Brooke’s face bright with the joy she brought to other people’s victories, and Tyler with his arm around her shoulders and a grin that said he’d been waiting awhile and didn’t mind.

Gina and Nick farther along the chute, adding their voices to it.

And Jack.

He was easy to find. Bundled up well against the cold, he was the tallest of the group, and he was cheering the loudest, which she would not have predicted six months ago, and which now seemed completely right.

His voice carried over the others, not Jocelyn’s theatrical projection but something more unguarded than she’d heard from him in all the months she’d known him. He had his arms up and his eyes on her and he was not pretending to be composed about any of it.

She kept moving toward the finish line, eyes on him, and thought about everything it had taken to get here. Not just the hundred miles behind her, not just the hours of cold and dark and the particular suffering that The Frozen Divide delivered without apology.

The months before that.

The gear swap and the Jingle Run and the overnight training run that had turned into something neither of them had planned for. The crevice in the rock where they hid, side by side, shoulders touching. Even deep in the danger, Steph knew. She knew Jack wasn’t who she’d convinced herself he was.

Jack Swisher was so much more. And it was then she started having an inkling he was the one she wanted to spend her life with.

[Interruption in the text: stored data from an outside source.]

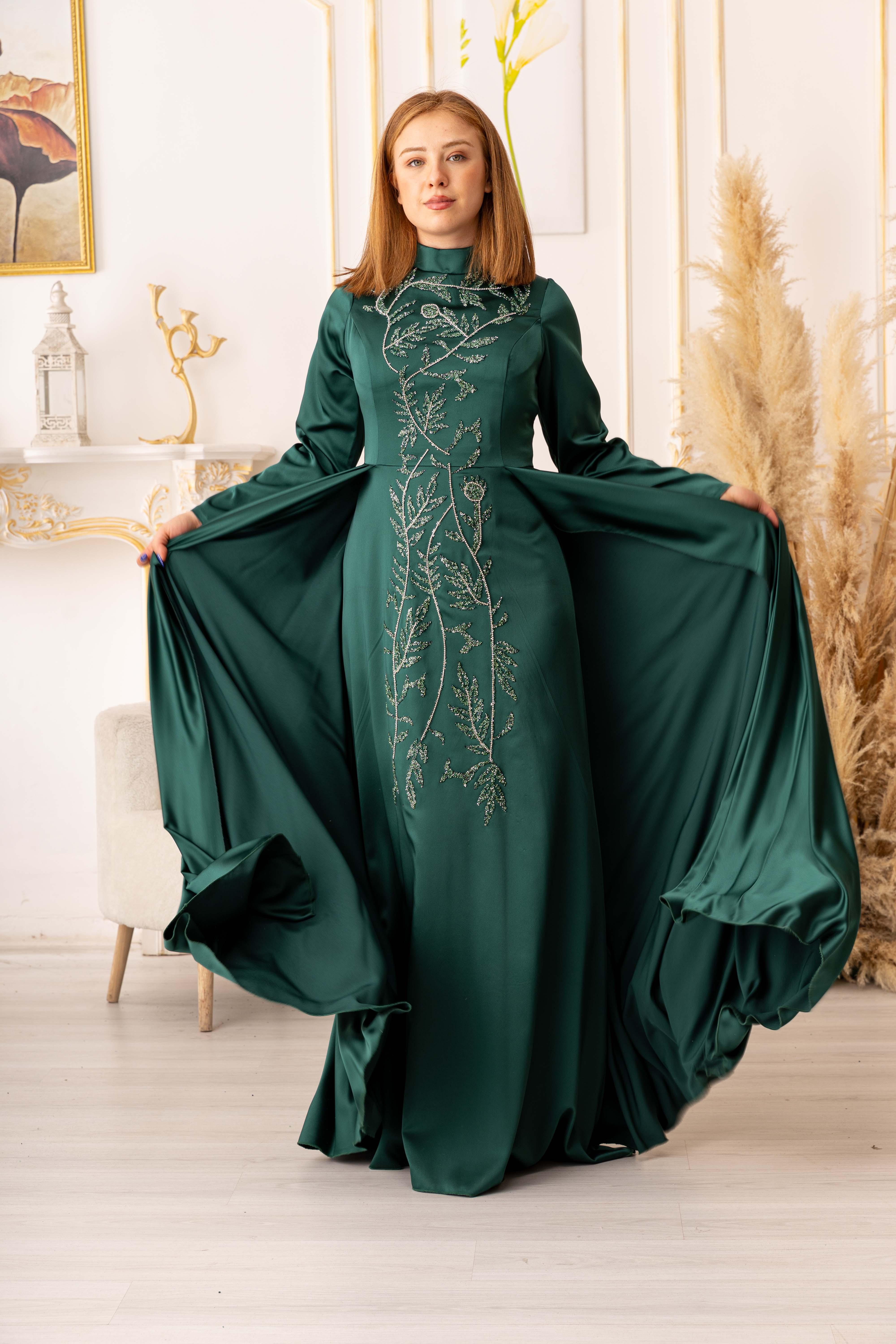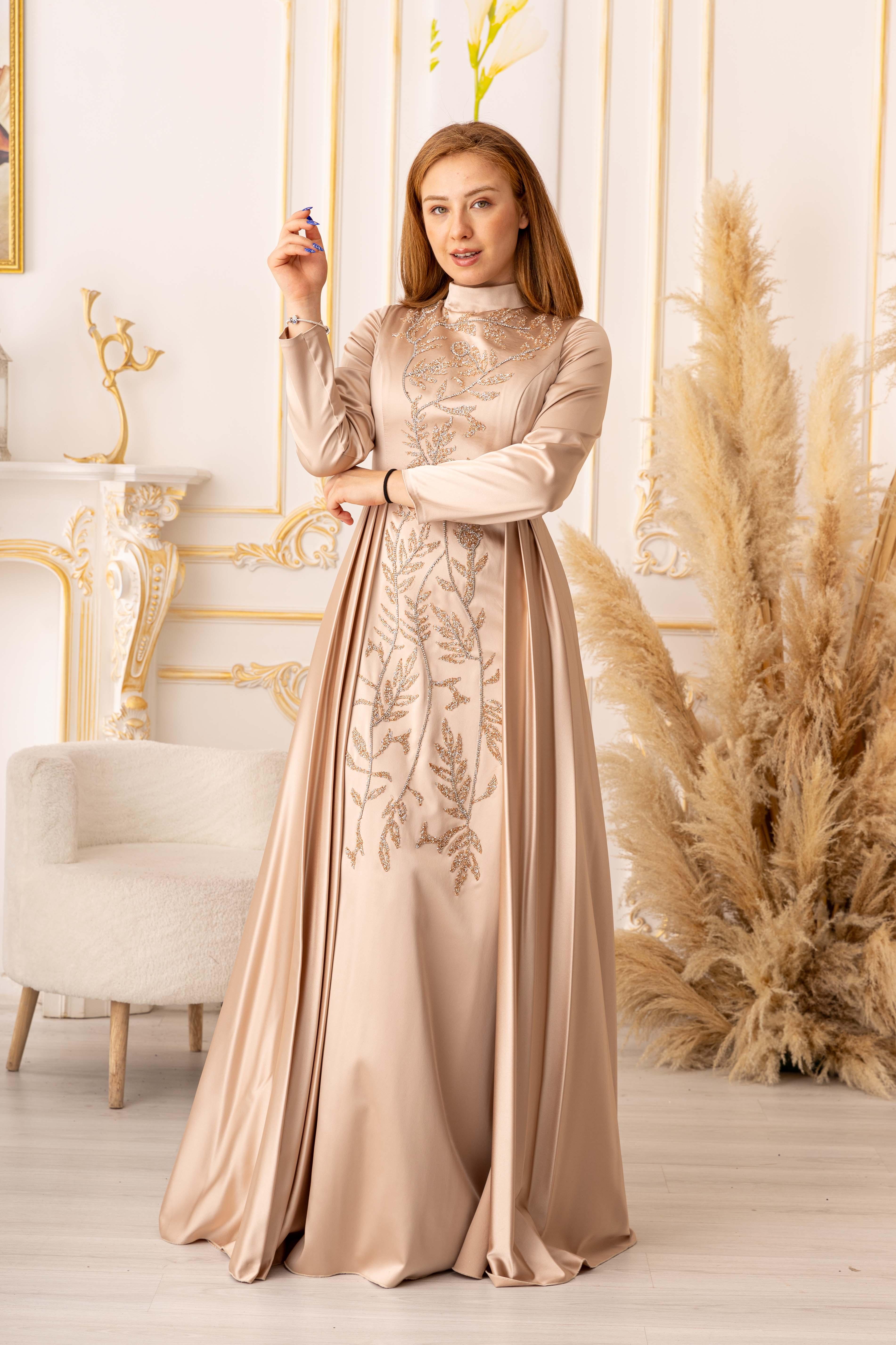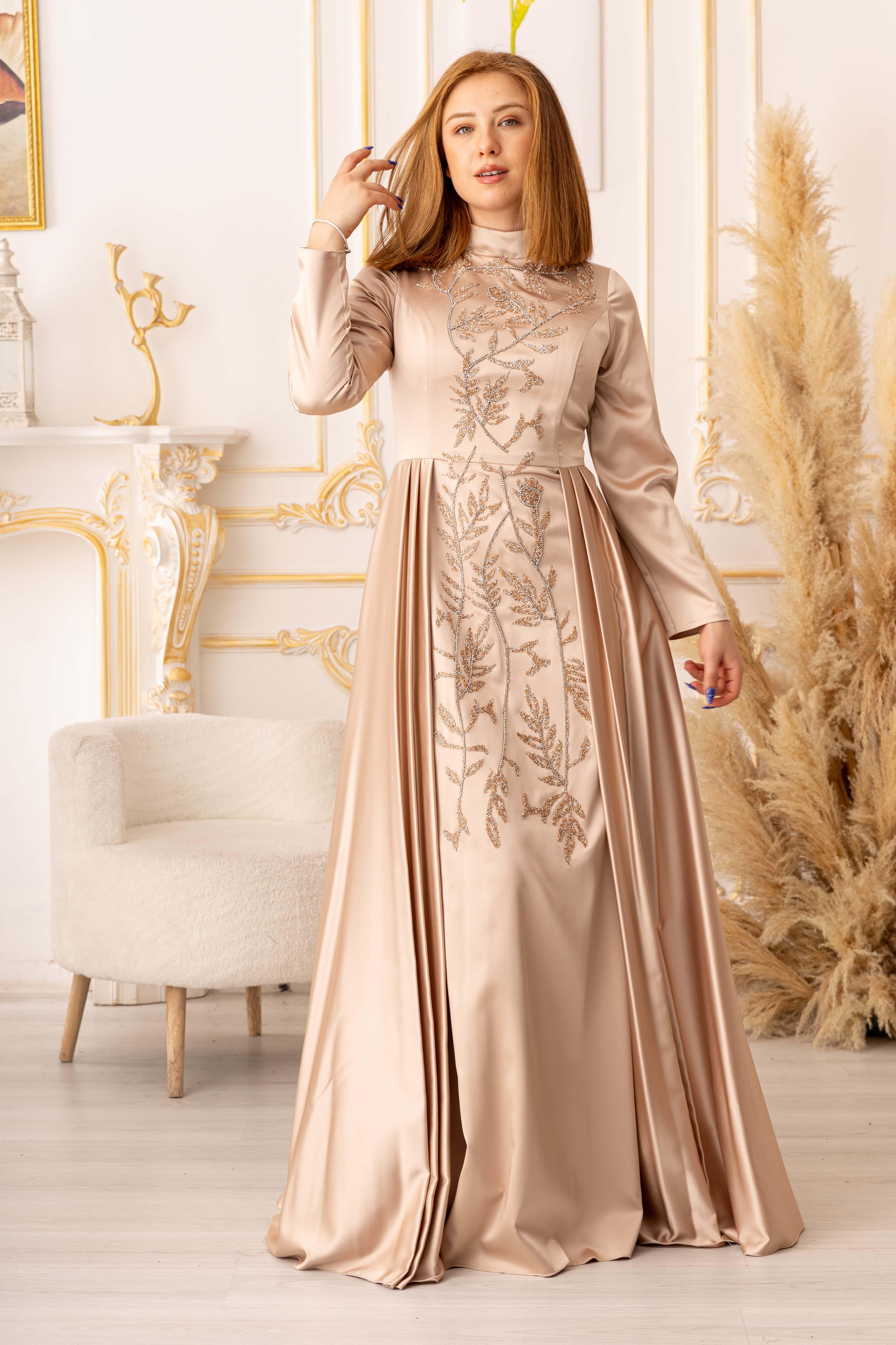 TAŞ VE ZİNCİR DETAYLI BALIK MODEL, şık ve zarif görünümüyle tesettürlü kadınların tercihi olmaya aday bir abiyedir. İster özel davetlerde, ister düğün ve nişan gibi törenlerde, isterse de özel günlerde rahatlıkla tercih edilebilir.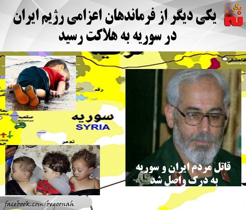 #بگونه: منابع خبری حکومتی رژیم ایران از به هلاکت رسیدن یکی از فرماندهان سپاه پاسداران بنام پاسدارعلی شالیکار در سوریه خبر دادند. همچنین سایت حکومتی رجا نیوز، با انتشار عکسی از پاسدار محمد حسین عزیز آبادی، در سوریه اذعان کرد که چهلمین پاسدار اعزامی به سوریه جهت کشتار مخالفان بشار اسد در این کشور به هلاکت رسیده است.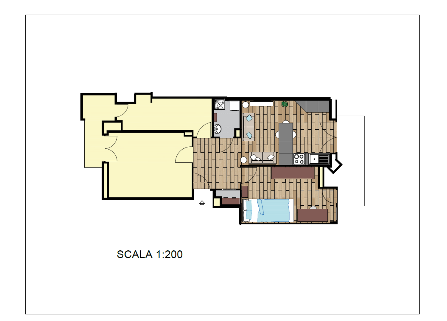 Si mantiene la posizione dei tubi e dei raccordi principali al fine di non demolire i massetti. Si crea uno spazio giorno immediatamente visibile e raggiungibile dall'entrata.Si sostituisce la porta del ripostiglio con una porta a soffietto. Si impiega un parquet in laminato da posare direttamente sull'esistente.Si raccomanda di eseguire i lavori a seguito di Cila perchè è necessario un riaccatastamento dell'unità essendo cambiati i pesi degli ambienti e vendendo sostituito un locale bagno con un locale lavanderia.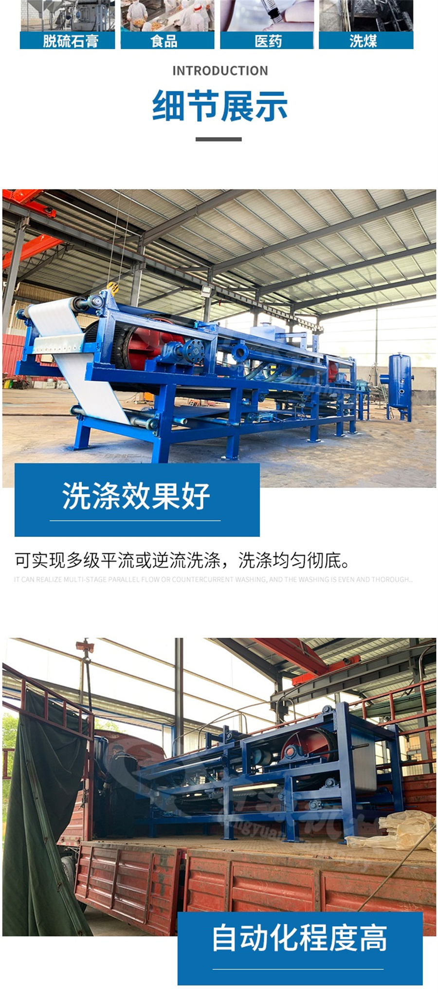1: 自動化程度高;下料. 過濾. 洗滌. 脫渣. 濾布清洗均為連續(xù)自動化,提高生產(chǎn) 效率降低運行成本,更好地減輕工人勞動強度,改善工作環(huán)境。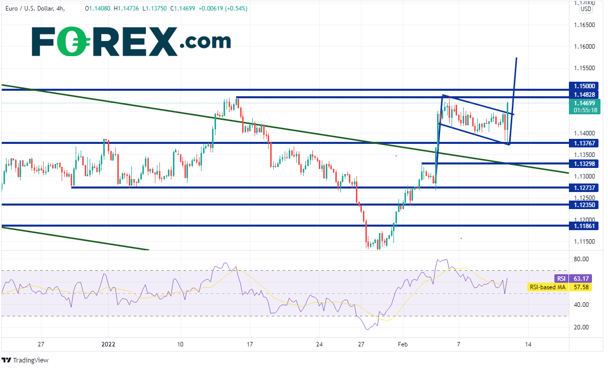 如上所述,美元在CPI数据发布后应声上涨,欧元/美元因此下跌。该货币对4小时图自从假性下破2021年11月24日前低点(最低触及1.1121)以来一直在走高。但受立场从之前的温和转变为略微强硬的欧洲央行的影响,欧元/美元于2月3日大举上攻,创下近期高点1.1484,上方为长期阻力位1.1490/1.1500。该货币对之后回撤并形成旗形形态,今天触及水平支撑位与旗形下轨趋势线所在的1.1376。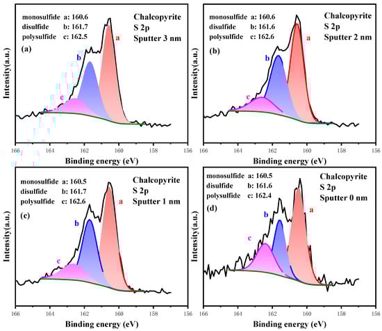 High-resolution spectrum analysis of S 2p on the surface of chalcopyrite under different etching depths.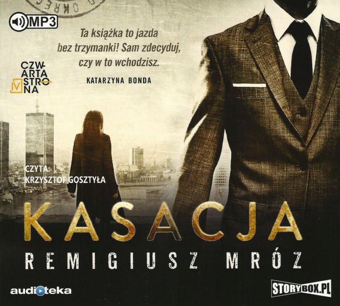 opis pochodzi z okładki książki Tytuł: "Kasacja" Autor: Remigiusz Mróz Wydawnictwo: Czwarta Strona Korekta: Magdalena Owczarek Projekt okładki: Mariusz Banachowicz Wydanie: I Oprawa: miękka Data wydania: 18 lutego 2015 Liczba stron: 492 ISBN: 978-83-7976-247-7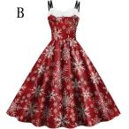 クリスマスワンピース キャミソールレディースレトロワンピース シャツワンピース クリスマス雪柄プリント 大きい裾ドレス 優雅 Aラインワンピース フランス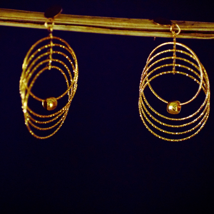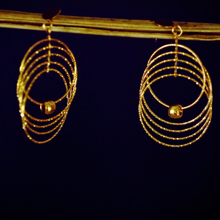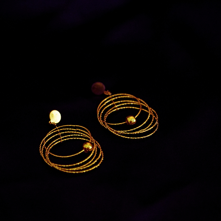 These earrings feature a mesmerizing spiral shape, resembling concentric rings that give a floating illusion. The glossy gold tone is bright yet subtle, exuding timeless sophistication. The metallic finish adds shine that perfectly matches festive or party lighting.

She thought about what she’d told herself for years. She was fine alone. Running and her career and the careful life she’d built could be enough without needing a man to be a part of it. Being alone wasn’t the issue as much as the clock, but she’d found a solution around that.

She’d been wrong about most of that.

Jack had become a part of her life, often joining the Wednesday running club and doing things with her group of friends. Steph, too, would go to Elkridge to participate in his club events.

Living thirty miles apart and both of them being busy meant they worked hard to find time to be together and spent hours each week on the phone getting to know each other.

And the more she learned about him and who he really was, the more she understood all of those years of wanting were paying off.